Clamp assembly

A clamp assembly which includes two spaced apart jaw systems each of which has two sets of spaced apart relatively pivotal grip formations, wherein the jaw systems are relatively pivotally movable to position the four sets of grip formations at spaced apart locations on a circumference of a circle, wherein the size of the circumference is determined at least by the extent of relative pivotal movement of the jaw systems.

BACKGROUND OF THE INVENTION

This invention relates to a clamp assembly.

The invention is concerned particularly with a clamp assembly which is suitable for use with an elongate cylindrical component such as a pipe or tube which may form part of a drill string which is used in a drilling operation. The invention is described with reference to this application but this is exemplary only and non-limiting.

During drilling operations and thereafter, e.g. when lining a borehole, elongate lengths of drill rods or casings which are axially aligned must be screwed together, or unscrewed so that they can be separated.
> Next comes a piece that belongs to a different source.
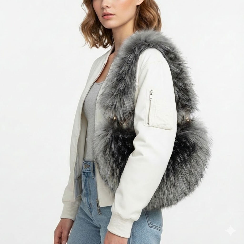 Мех густой, пушистый, с красивым градиентом, что создаёт эффект натурального меха.
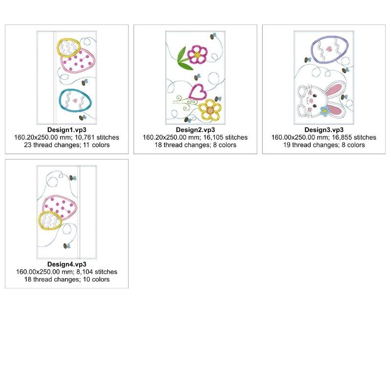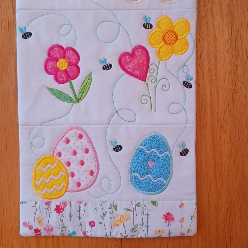 This fun and cute Easter table runner is super easy to make. Each panel is made in the hoop. The bunny, flowers, eggs and heart are all done in applique. Sew and flip technique is used in the top and bottom panels.

Drilling conditions can be arduous and it is important to be able to secure a pipe or casing with ease so that the requisite forces can be applied for coupling or uncoupling operations, as may be required.

A further factor is that drill rods, for example, come in a range of standard sizes and a clamping system suited for a drill rod of one size may not work satisfactorily with a drill rod of a different size.

An object of the present invention is to address, at least to some extent, the aforementioned requirements.

SUMMARY OF THE INVENTION

In a broad sense the invention provides a clamp assembly which includes two spaced apart jaw systems each of which has two sets of spaced apart relatively pivotal grip formations, wherein the jaw systems are relatively pivotal to position the four sets of grip formations at spaced apart locations on a circumference of a circle wherein the size of the circumference is determined at least by the extent of relative pivotal movement of the jaw systems.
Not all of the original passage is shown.